# When to hit rails?



## Snowboarder32 (Dec 11, 2012)

Ive heard rails are easier than boxes


----------



## Skinny Bam (Sep 7, 2012)

If you can 50-50 a box you can 50-50 a rail. My advice: go a little faster than you normally would because it will be harder to balance compared to the boxes, bend your knees as you get on the rail and ride it out smooth. 

Really, once you do it the 1st time your going to wonder why you waited so long. Its really just having the balls to do it.


----------



## IdahoFreshies (Jul 9, 2011)

Snowboarder32 said:


> Ive heard rails are easier than boxes


You have HEARD rails are easier than boxes? Have you ever actually tried them?

A box is much more forgiving to learn on because it does have a wider surface area to you can work on centering yourself and staying still and practicing spins. The cavet is that you have to be going faster for a box because it is stickier will slow you down more than a rail will. But if you hit it with decent speed you will be fine. Speed is key in the park, being afraid to hit stuff with speed is the first thing you need to work on if that is an issue. After 2-3 years, with 10 times a year, if you have carving mechanics and good comfortable edge control down that i would say its safe to start mixing in park.

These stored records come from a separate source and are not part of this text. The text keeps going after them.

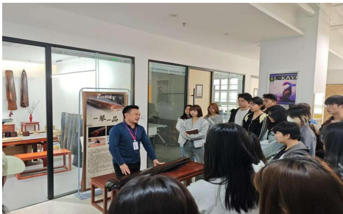
图 3-5 古琴传承人实践教学指导学生了解古琴制作工艺

以非遗技艺传承筑牢文化自信，以德技并修培育时代新人。依托省级非遗平台，构建“书法修身、剪纸传情、古琴养性”三大课程体系，开发“技艺习得—文化感悟—品德提升”渐进式培养路径，年均开展公益课堂、集训 120 余场。覆盖全校 90%专业，学员获市、省级以上奖项 10 余项，形成“三艺三品”文化育人矩阵。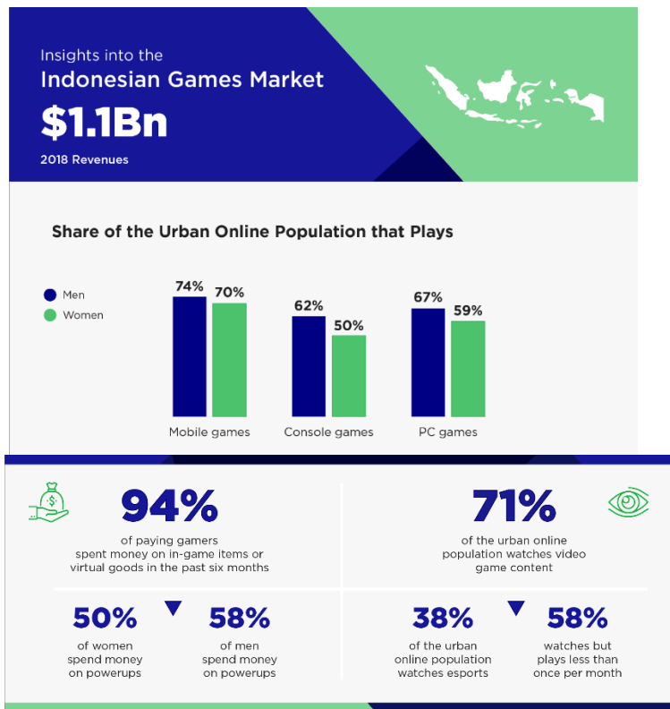
Gambar 1. 2 Indonesian Games Market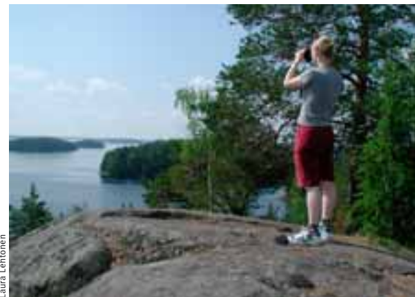
Hjáleiga í Linnansaari.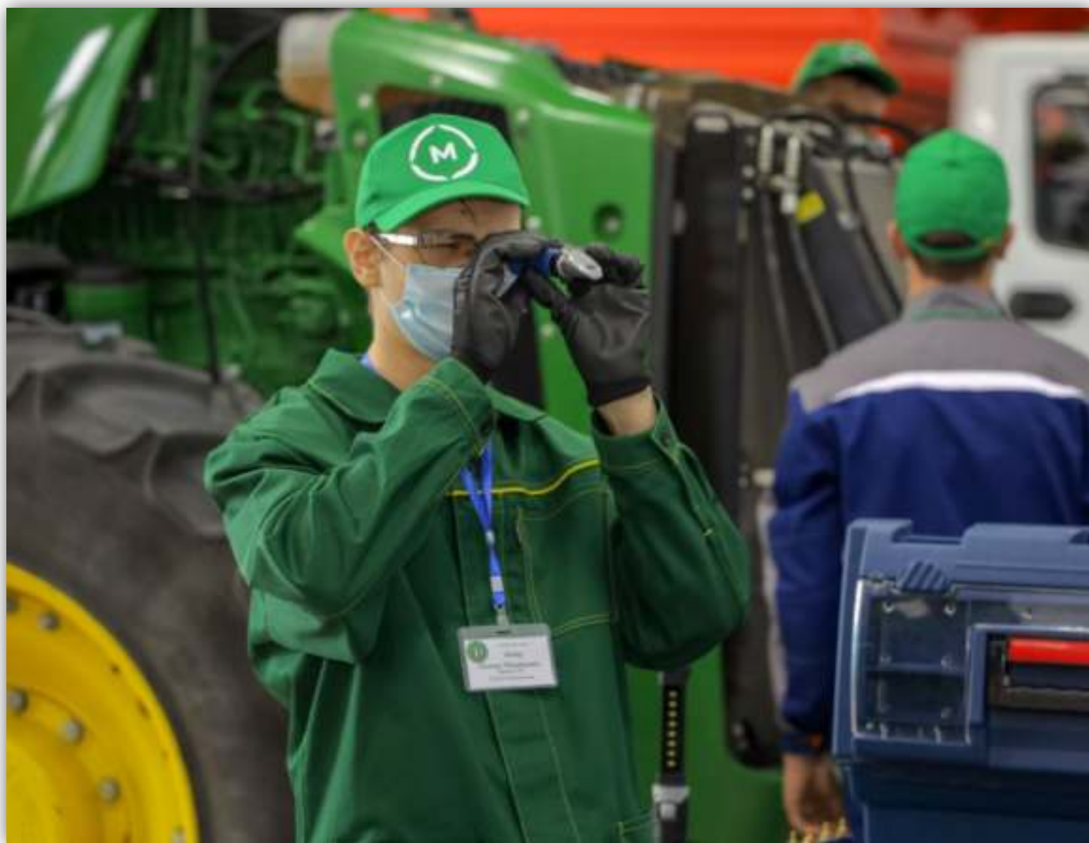
ФОТОГРАФИИ РАБОТАЮЩИХ ОБУЧАЮЩИХСЯ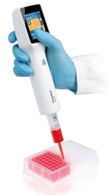
Multi-Dispensieren mit dem HandyStep® touch und PD-Tip //

Der HandyStep® touch spart Zeit und vermeidet Fehler durch die automatische Größenerkennung der PD-Tips // von BRAND mit patentierter Codierung am Kolben. Nach dem Einsetzen wird die erkannte Tip-Größe automatisch angezeigt. Das zu dosierende Volumen kann nun schnell und einfach ausgewählt werden. Die Geräteeinstellung bleibt beim Einsetzen eines neuen PD-Tips gleicher Größe erhalten.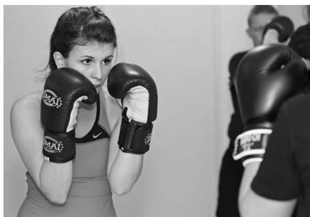
Rund 13 000 Kinder und Jugendliche trainierten regelmässig im Sportverein.

Die freiwilligen Sportangebote für Kinder und Jugendliche in über sechzig Sportarten erfreuten sich grosser Nachfrage. Die Semesterkurse wurden von 1503 Teilnehmenden besucht, in den Feriensportkursen waren total 4280 Teilnehmende aktiv.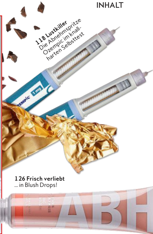
118 Lustkiller Die Abnehmspritze Ozempic im knall- harten Selbsttest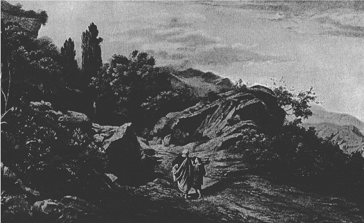
«Авраам з Іцхаком піднімаються на гору Морія», ілюстрація з книги The Bible and Its Story Taught by One Thousand Picture Lessons

«І пішли вони разом обоє». На цьому етапі з'являються предмети, які не показувалися у першому акті, — ніж і кресало, раніше, очевидно, заховані, тепер підтверджують усі підозри. Люблячий батько ніс знаряддя цілопалення: ніж, аби зарізати ним сина, і кресало, щоб розпалити вогонь і засмажити на ньому синівську плоть. Улюблений син ніс те, що потрібно буде спалити: дрова й себе. Хто знає, можливо, Авраам витягнув ніж і кресало з потайної кишені, аби натякнути синові, що його чекає, і дати йому можливість урятуватися втечею? Можливо. Очевидно лише одне: Іцхак не втік, а лише здивовано запитав: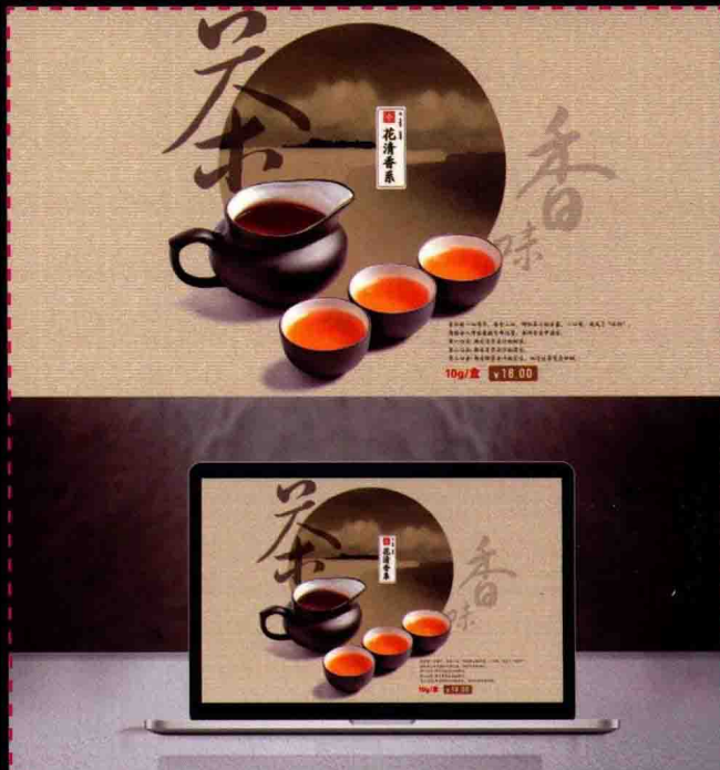
第14章 网店设计综合实战 中式风格产品广告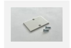
145-50101, W 2 x Metall-Endkappe mit Schrauben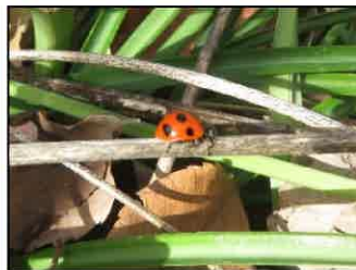
ナナホシテントウ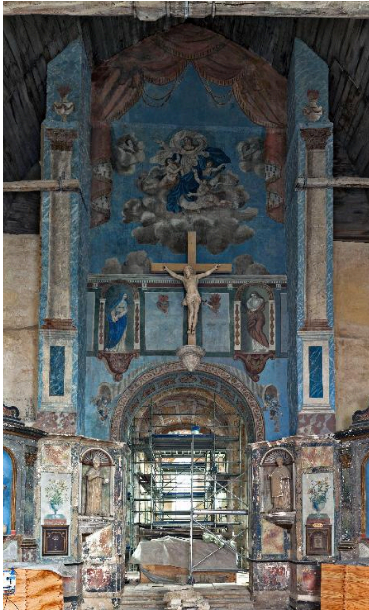
Vue d'ensemble. Après restauration.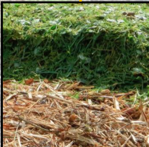
29.03.2014 20 cm moosiger Rasenschnitt, auf ausschliesslich Holz-Häcksel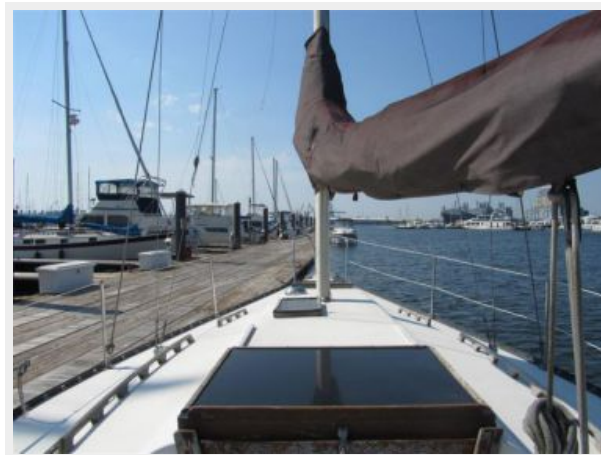
30' Seidelmann Looking Forward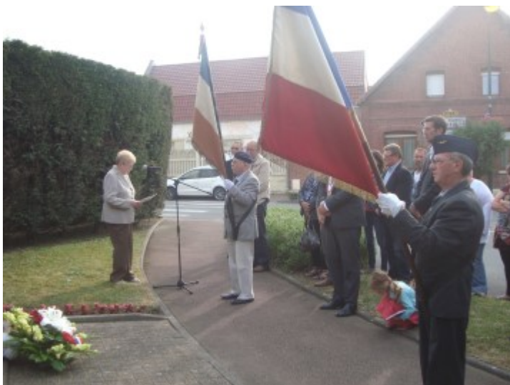
Cérémonie de commémoration de l'appel du 18 juin 1944 avec la participation de Mme Sauvage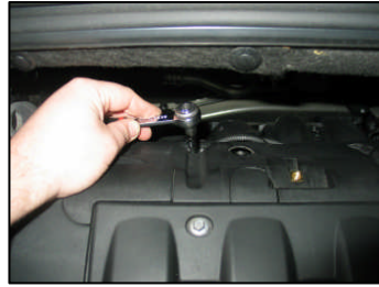
Fig. # 14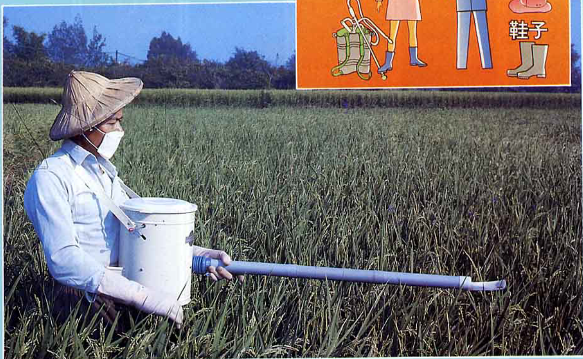
不要逆風噴施農藥。

台灣地區由於高溫多濕，成物種類繁多且栽培密集，所以病虫草害種類較其他地區為多，如不予防治即嚴重影響作物產量、品質。因此作物保護向為台灣農業生產上很重要之一環，而使用農藥即成為最經濟迅速而有效的防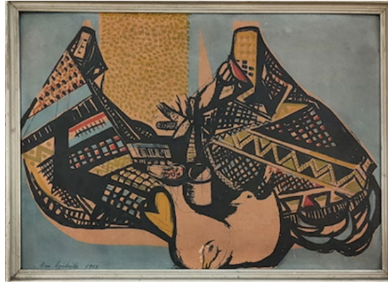
Görsel 5: Eren Eyüboğlu, Figürlü Kompozisyon , Kağıt Üzerine Çini Mürekkebi, 30 x 40 cm, 1953.

kaynak olduğunu vurgulamış ve çağdaş resim ile arasında kurduğu bağı çalışmalarına yansıtmıştır (Aydoğan, 2017: 67). Eyüboğlu "İstanbul" isimli resminde, geleneksel sanatlarda görülebilecek motifler ve bu motiflerle uyumlu diğer unsurlar ile oluşturduğu İstanbul görüntüsünü, minyatür mantığıyla kompoze edip resim yüzeyine aktarmıştır (Görsel 3). Bu kompozisyon düzeni içerisinde, Türk sanatlarında görülebilecek geometrik motifler ve balık gibi hayvan motiflerini kullanmıştır. Sanatçı Görsel 4'te yer alan resminde ise, tekstil işlemleri, halı dokumacılığı, nakışlar, ahşap oymacılığı, mimari süslemeler vb. sanatlarda görülebilecek "hayat ağacı" motifini stilize ederek yansıtmıştır. Bu motifte ağacın gövdesini bir kadın formu oluşturmaktadır. Bu kadın motifinin yanlarından ve üst kısmından, bitki yapısını yansıtan, geometrik olarak stilize edilmiş dal formları resmedilmiştir.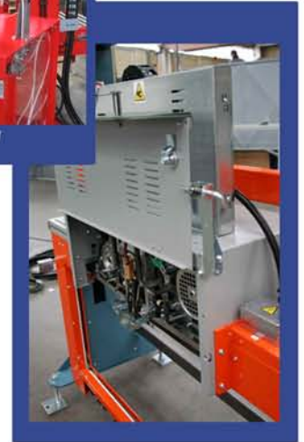
FACILE ACCESSIBILITA' EASY TO ACCESS

Some of the best practice for park is to first work on natural features, little jumps, rocks stumps and gap type shit to get you comfortable with added features, and learn to spin flat ground 180s. I would work in the morning on carving down blacks and getting comfortable with high speeds on those and practicing and focusing on balance edge control drills, then for the second half of the day go hurt yourself in the park. Start on mastering ride on boxes and rails and small jumps and grabs. Then once you can get on all of those features work on hop on boxes and rails and grabs on bigger jumps, then once you have a good feel for most or all of the types of features start throwing down tricks for each feature. It will be a lot of shit eating and a lot of falling, but when you can bag that trick you have been trying over and over it will be a momentous achievement:yahoo:


----------



## Consonantal (Dec 12, 2012)

That is somewhat nice to hear. I guess I'll just have to bash my ass a couple more times though.


----------



## Skinny Bam (Sep 7, 2012)

Consonantal said:


> That is somewhat nice to hear. I guess I'll just have to bash my ass a couple more times though.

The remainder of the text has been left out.